Frank had almost broke even. He kept wondering about the cryptic message. He knew that it was all nonsense, this granting wishes stuff. Just some great marketing, he would give them that.
Deep down, he hoped that his wish would come true for Alice.
Frank ate his comped burger, pondering why he was at the casino. He should be out making a difference in the world. It was too bad that his health wasn’t what it should be. He could be out granting wishes himself.
Walking away from the restaurant, Frank heard the unmistakable ring of a small bell and it caused him to look around. “There must be some kind of sensor somewhere that sets that off,” thought Frank as he checked the carpeting on the floor.
When Frank got back to his room, the phone was blinking. He picked up the phone and called the desk.
“Sir, we have some bad news for you. You are needed back home as quickly as possible. There has been an accident with someone named Alice. Your room will be held for you at a later date if you wish.”
Frank froze. He wondered if his pain had just begun.
Aunt Alice’s funeral was kind of a dreary affair. Flowers from her old workmates at the factory where she had spent 30 years before her arthritis had made work impossible were front and center on her coffee table. There were a smattering of friends and relatives, recounting her life and her indomitable spirit. Frank sat in Alice’s living room for the wake after Alice’s burial, tortured with guilt.
The day that Frank was at the casino, Auntie Alice had been in her living room as far as anybody knew. The neighbors heard her shriek from inside her house. She flung open the front screen door, pushing her wheelchair that she had been a prisoner in for over ten years, and exclaimed that “the pain has gone away.” Shoving the wheelchair down the steps, Alice did a little jig of happiness, something she hadn’t been able to do for over a decade. It was then she lost her balance, having not been up on her feet for a while, and fell off the porch. She died of a broken neck. The neighbors rushed to her aid but it was too late. Witnesses said her face had the most peaceful expression they had seen on it in years.
At the funeral, Frank had said nothing as he sat in the front row of the assembled relatives, looking at her casket. She was truly pain-free at last. Frank was far from peaceful. This was the most terrible, and ironic, thing that could have happened to a nice lady like his Aunt Alice. He thought back to everything that had happened: How generous she was in giving him money, how she encouraged him to relax and get his bearings. Then, while he was gone, this most heinous thing had happened to her. Frank felt he never should have taken that trip to the Four Horsemen. Alice might still be alive today. She would be in excruciating pain but she’d still be alive. Then he thought back to the wish that he had asked of the Genie in the slot machine. Was this how the wish for “no more pain” was granted?

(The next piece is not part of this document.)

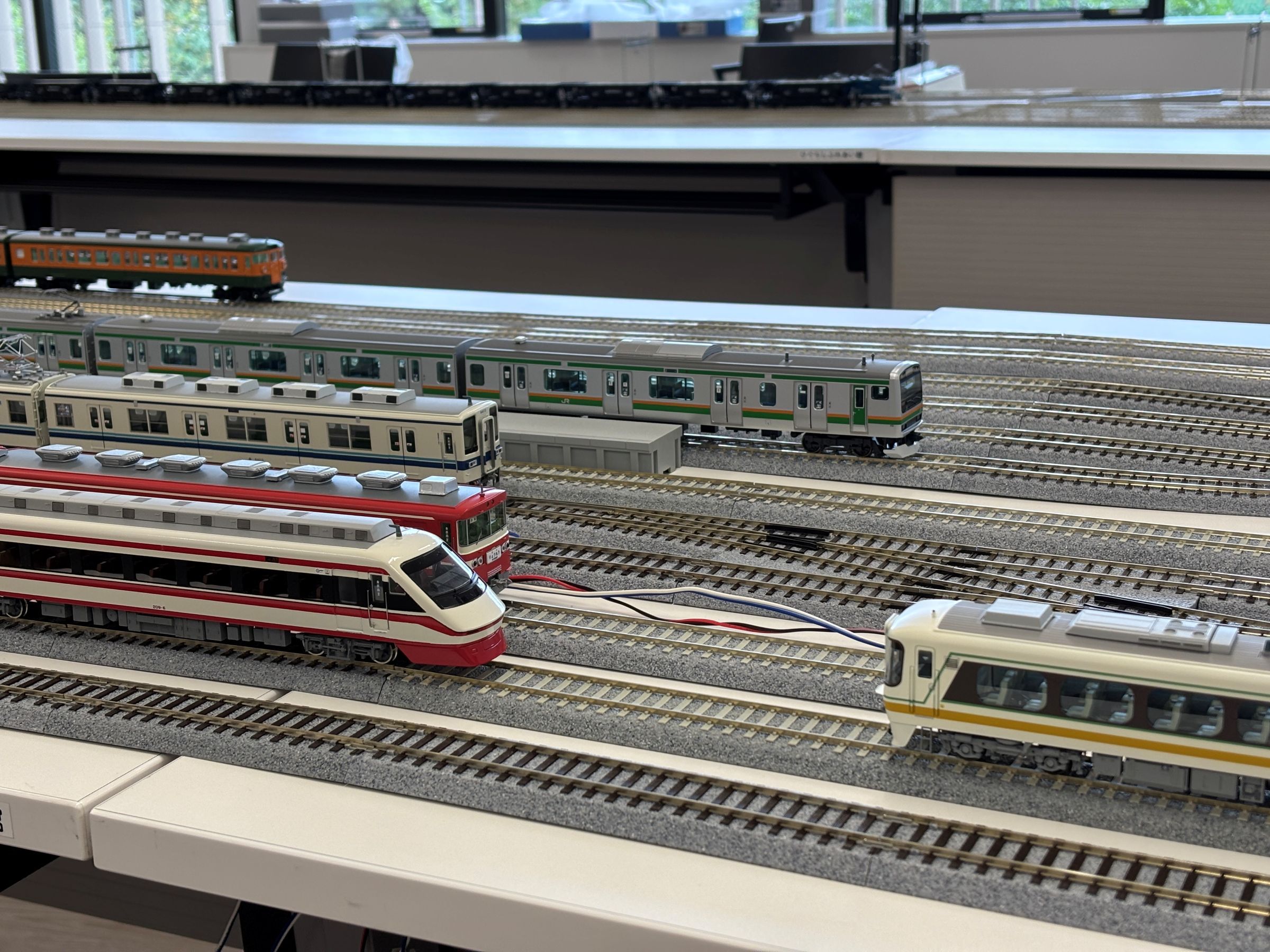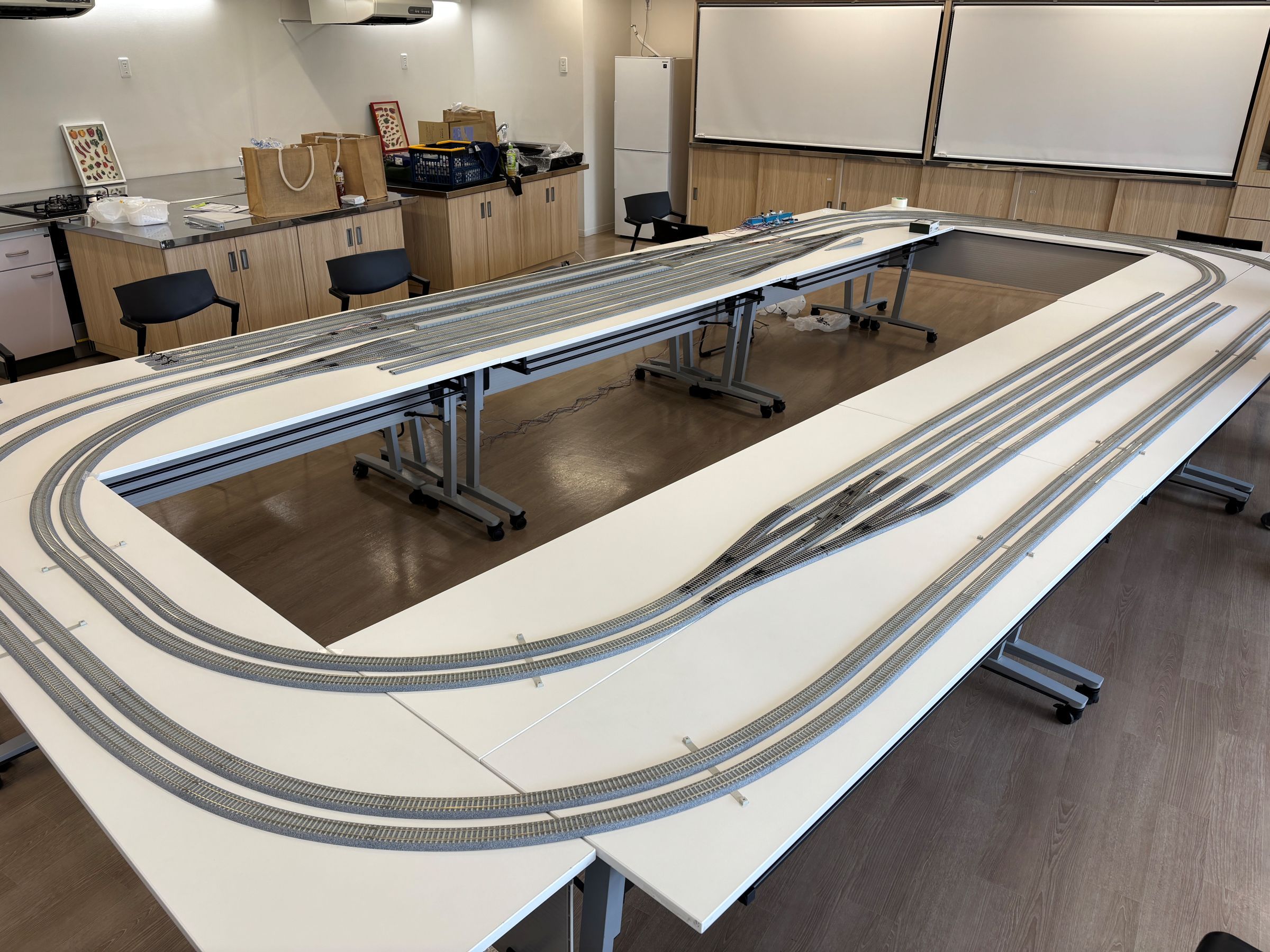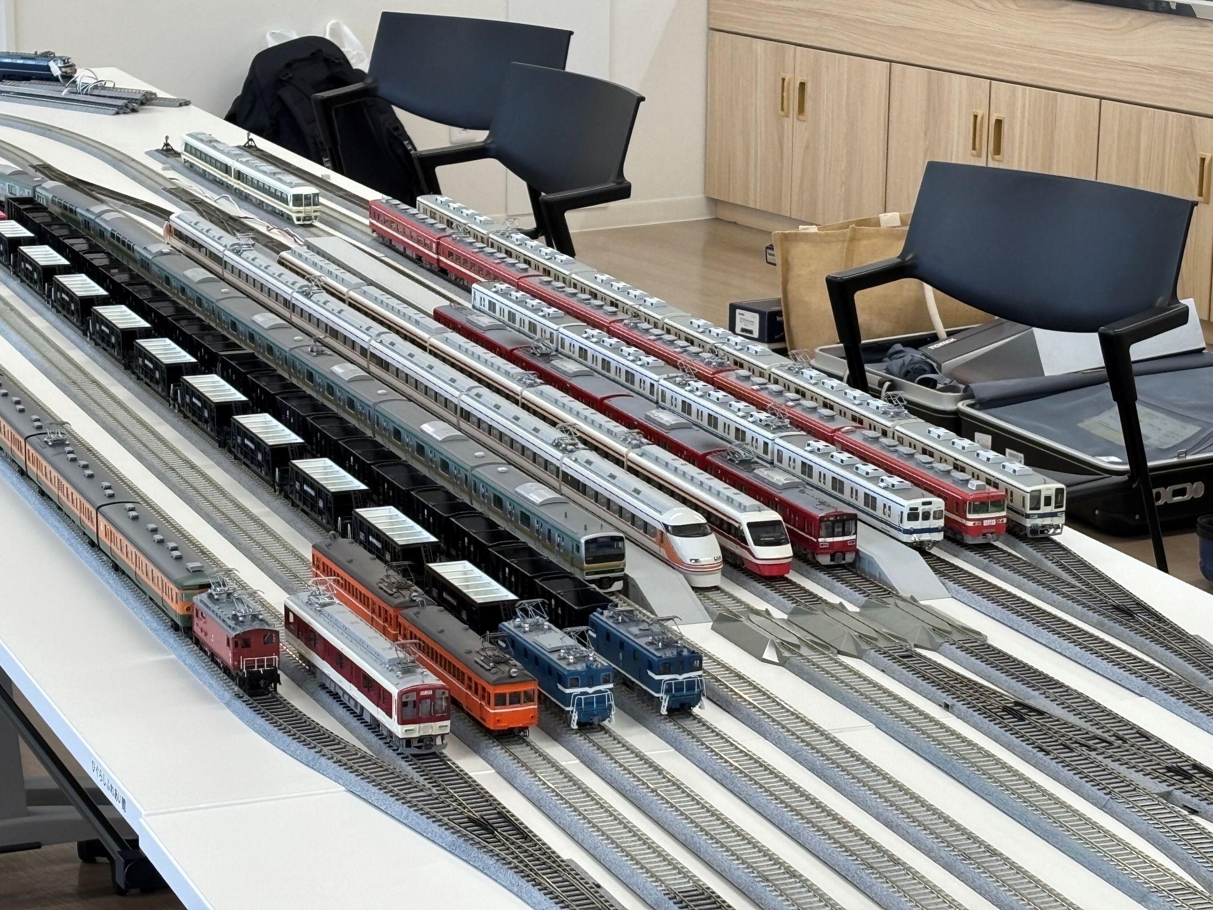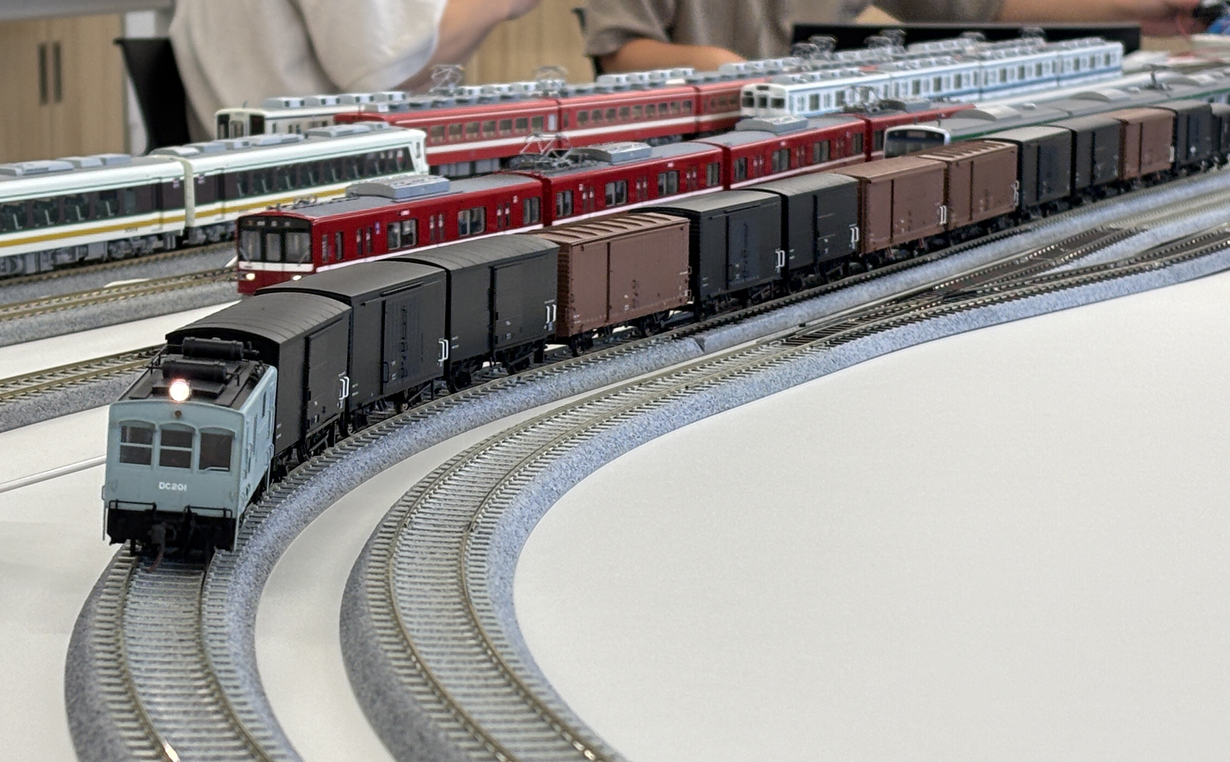 今回の配線も会場のテーブルを使い切って複々線配置です。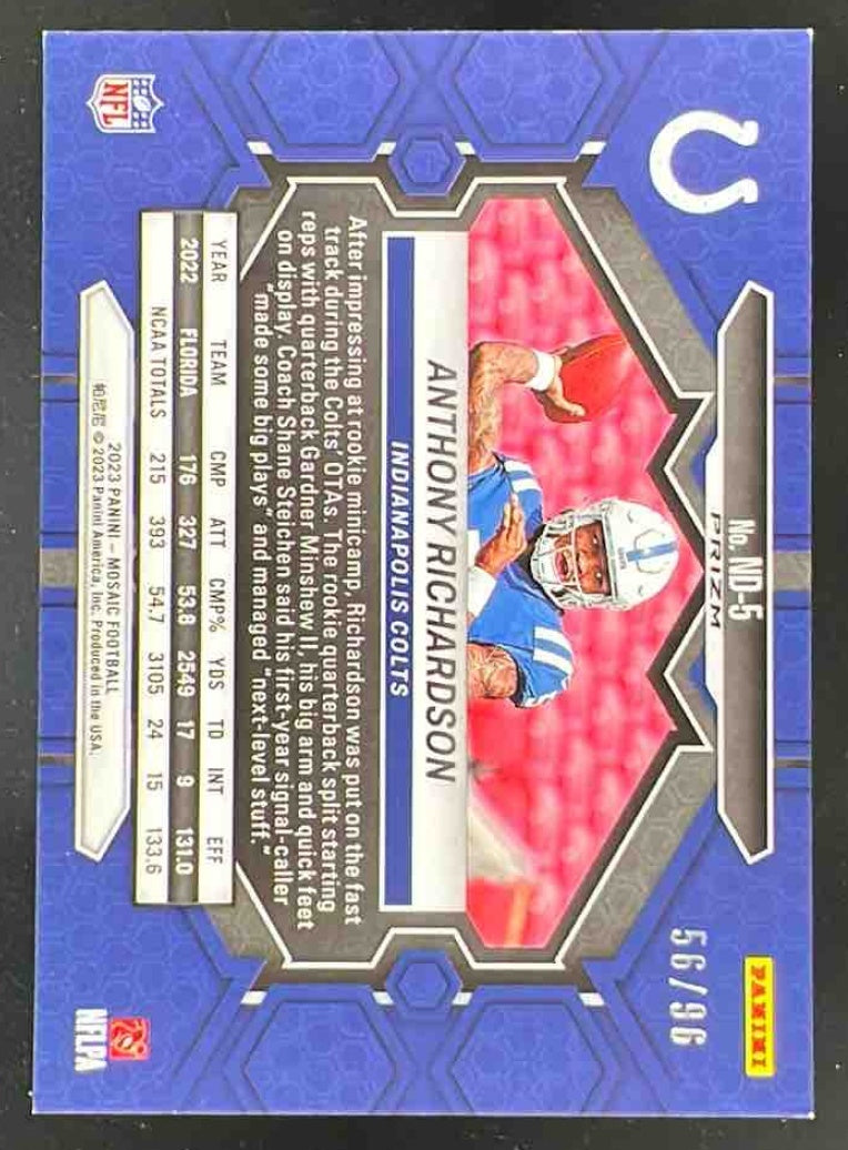 2023 Panini Mosaic Blue Sparkle Prizm #ND-5 Anthony Richardson RC NFL Debut /96

“Wait a minute”, Frank said, “it’s just a damn machine. It has no mystical power to grant wishes. Its sole purpose is to take your money. The Genie even admitted that.” But he couldn’t shake the thought of the connection between his wish and what had happened.
All this was going through Frank’s head as he sat on Alice’s couch. Just then Frank’s ex-wife Mirna walked into the living room and stared hard at Frank. Mirna had been a good friend of Alice’s even before she and Frank were married. “Someone told me you were staying here with Alice,” Mirna questioned. “But you weren’t here when she fell and broke her neck, were you?”
Frank did not look up, but felt the shame with what his ex-wife was confronting him with.
Mirna continued her accusations. “That’s right, you were out gambling again, weren’t you, Frank, while your poor Aunt, who was nice enough to let you stay with her, lay dead on the front porch?” Mirna had long ago decided she could not stand Frank but Frank was still madly in love with his ex-wife.
Frank’s cousin Joe came into the room after hearing Mirna’s loud admonishment to Frank. “Easy, Mirna.” Joe stepped deftly between the two former spouses. “Alice told Frank to take a break. He’s been through quite a bit lately with that tornado tearing up his house.”
Mirna gave Frank the side eye as she stomped into the kitchen. “I’m sure that he would have been just as useless if he were here.”
That cut pretty deep. Frank agreed with Mirna in spirit but wished that she understood what had happened. But he really wished that he and Mirna were still together. Frank got up, walked into the bathroom and shut the door. Sitting down on the toilet seat, he started to cry. “Why is the woman that I love so much so hateful towards me?” Frank asked himself. He looked in the mirror. Maybe she was right. Maybe he was useless. Frank washed his hands then got his coat and left.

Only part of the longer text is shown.